Ga naar de inhoud
Home » Korte Verhalen » Gesloten Kring

Gesloten Kring

Er was iets in de lucht van het kleine stadje, een soort kilte die dwars door jeans en leren jacks sneed. Johan zag zijn adem wolkjes vormen in de koude winterlucht terwijl hij door de verlaten straten liep. Alles hier voelde plotseling zo bekend, maar toch verre van welkom. Het had jaren geduurd voordat hij de moed kon opbrengen om terug te keren, maar eindelijk was hij hier, vastbesloten om iets recht te zetten dat allang verbroken was.

Het huis van Bas stond nog steeds op dezelfde hoek, net zo versleten als de laatste keer dat Johan het zag.

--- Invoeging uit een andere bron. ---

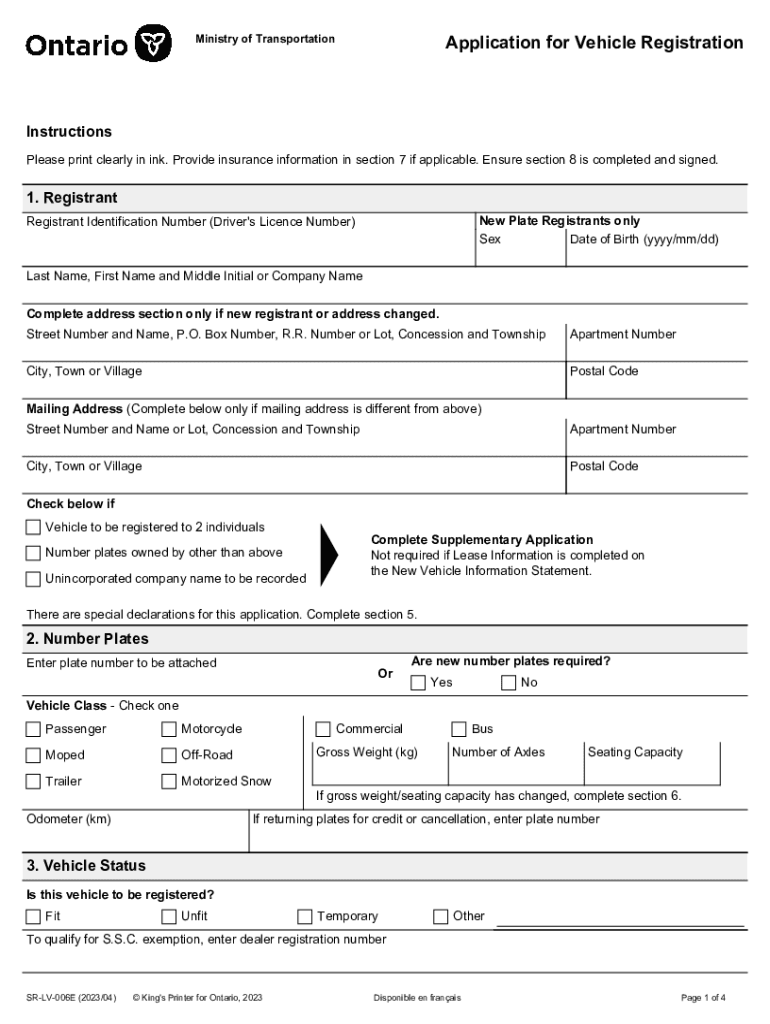Application for Vehicle RegistrationMinistry of TransportationInstructions Please print clearly in ink. Provide insurance information in section 7 if applicable. Ensure section 8 is completed and

De brievenbus hing los, alsof iemand hem een tijdje terug een flinke trap had gegeven en nooit de moeite had genomen om het te repareren. Johan slikte, zijn hart bonkte in zijn borstkas. Hij wist nog goed hoe hun vriendschap een abrupt en pijnlijk einde had gekregen. ‘Excuses aanbieden,’ bleef hij tegen zichzelf herhalen. Het was maar een paar woorden, maar ze voelden als een molensteen om zijn nek.

Hij pakte de verroeste deurklopper en klopte driemaal. Even later opende een vrouw de deur. Simone, de zus van Bas, keek hem aan met een mengeling van verbazing en angst.

“Johan?” Haar stem brak een beetje. Een golf van herinneringen spoelde over hem heen—lachen met Bas, avonden doorbrengen bij het kampvuur en de nachtmerrie die hun vriendschap eindigde.

“Ik ben hier om met Bas te praten,” zei Johan, zijn stem zachter dan hij had willen laten klinken. Simone knikte langzaam en gebaarde hem binnen te komen. Het interieur van het huis had nog steeds die muffe geur van stof en oude herinneringen.

Bas zat in de woonkamer, zijn gezicht gehard door de jaren en misschien ook wel door de pijn. Hij keek Johan aan zonder iets te zeggen, maar zijn ogen spraken boekdelen.

“Bas,” begon Johan, “ik weet dat het lang geleden is en dat ik veel verpest heb. Maar ik ben hier om mijn excuses aan te bieden voor alles wat ik heb gezegd en gedaan.”

De stilte na zijn woorden was ondraaglijk. Bas bleef hem aankijken, zijn gelaatsuitdrukking echter onleesbaar. Na wat een eeuwigheid leek, zuchtte Bas diep.

“Je hebt me niet alleen gekwetst, Johan,” zei Bas uiteindelijk, zijn stem zwaar van emotie. “Je hebt ons allemaal gekwetst. Maar dat is het verleden. Het is moeilijk, maar ik wil ook verder kunnen.”

Johan knikte, een traan liep langzaam over zijn wang. “Ik begrijp het, en ik ga je niet vragen om het te vergeten. Maar ik wil proberen het goed te maken, hoe dan ook.”

Voor het eerst in jaren zag Johan een flikker van de oude Bas in zijn ogen. De kilte in de kamer leek een beetje te verzachten. Simone kwam de kamer binnen met drie koppen warme koffie, en voor het eerst in lang voelde Johan een sprankje hoop. Misschien was dit het begin van herstel, een kleine stap in de richting van verzoening.

Ze zaten daar samen, oude wonden nog altijd vers maar eindelijk zichtbaar, niet langer verborgen. Sippend aan hun koffie, begonnen ze weer voorzichtig te praten, de kring van hun vriendschap weer te sluiten, één voorzichtig woord tegelijk.